How did the opportunity to work on ACE come about?

Future Publishing, at the time, were a young company – they had 3 magazines in their stable: 8000 Plus (a business magazine for the Amstrad 8000 business computer), PC Plus for serious PC users (business mostly) and Amstrad Action – a games mag for the Amstrad 8-bit CPC home computer. The then owner – Chris Anderson – had recognised that home computing was going to burst into the mainstream – especially with the advent of Amiga and Atari ST 16-bit computing – and so he wanted to launch a multi-format mag that catered to older (like late-teen early 20s) gamers: those that could afford the new wave of expensive 16-bit machines, so Advanced Computer Entertainment was born. Now, in order to launch his new mag, Chris needed some new staff. I got involved because I saw a job in a local jobcentre in Trowbridge (near Bath and where I was living at the time). The ad read ‘Games Reviewer Wanted’ and I thought ‘I can do that’ so went in, got Chris’s phone number and rang him up. I was 21 at the time and after a brief chat with Chris was invited to send in a written game review. Now, I’d left school at 15 and worked in factories since. I couldn’t write for toffee, so did the only thing possible: cheated. I went to WH Smith’s, bought a non-Future games magazine and copied out a games review long-hand, with a few changes, and sent that to Chris. A few days later, he got back in touch and invited me to Bath for an interview. Having youthful self-belief, I went to the interview and managed to secure a job as Staff Writer on the about-to-be-launched ACE magazine. This was May 87 and the mag was due to hit the shelves on 1st Sept 87.

 

When working on ACE did you think games magazines would prove to be as popular as they eventually were?

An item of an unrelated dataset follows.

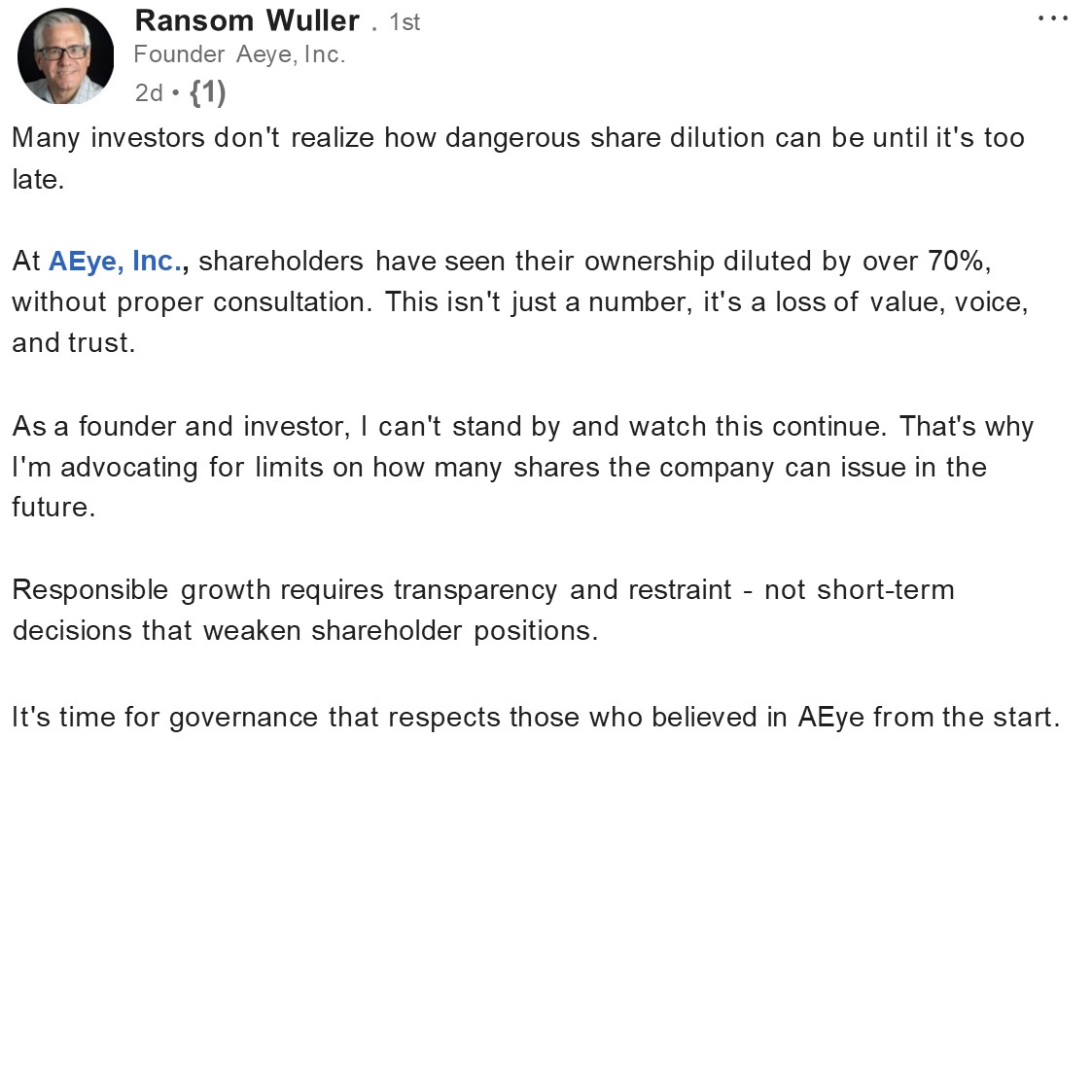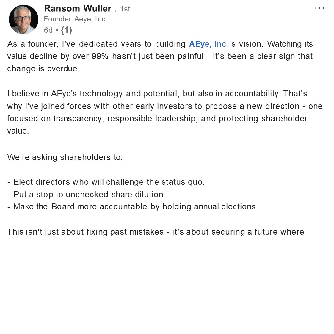 Ransom Wuller . 1st Founder Aeye, Inc. 6d • {1) As a founder, I've dedicated years to building AEye, lnc . 's vision . Watching its value decline by over 99 % hasn't just been painful - it's been a clear sign that change is overdue . I believe in AEye's technology and potential, but also in accountability. That's why I've joined forces with other early investors to propose a new direction - one focused on transparency, responsible leadership, and protecting shareholder value. We're asking shareholders to: - Elect directors who will challenge the status quo. - Put a stop to unchecked share dilution. - Make the Board more accountable by holding annual elections. This isn't just about fixing past mistakes - it's about securing a future where • • •

Bear in mind I had no idea or background in publishing when I started on ACE. I did, however, share Chris’s belief that 16-bit computers were going to cause a home entertainment revolution. I therefore was absolutely convinced that people with these new computers were going to need good magazines to inform their games buying decisions. I don’t think the popularity of games magazines surprised me. I was a consumer just a few short months ago – I knew the pain of wasting almost a half a week’s wages on a game that turned out to be rubbish and was determined to help others avoid the purchasing mistakes I’d made – especially once the consoles hit (the Sega Master System and Nintendo NES) where games were approx. £25 per game. On the whole, I wasn’t surprised. I believed that everyone who played computer and video games in those days needed us to guide them. You could misinterpret that as arrogance or self-importance, it really wasn’t. I was on a crusade to help people play the best games and avoid wasting their money!

 

You moved on to Amiga Format, how did that opportunity come about?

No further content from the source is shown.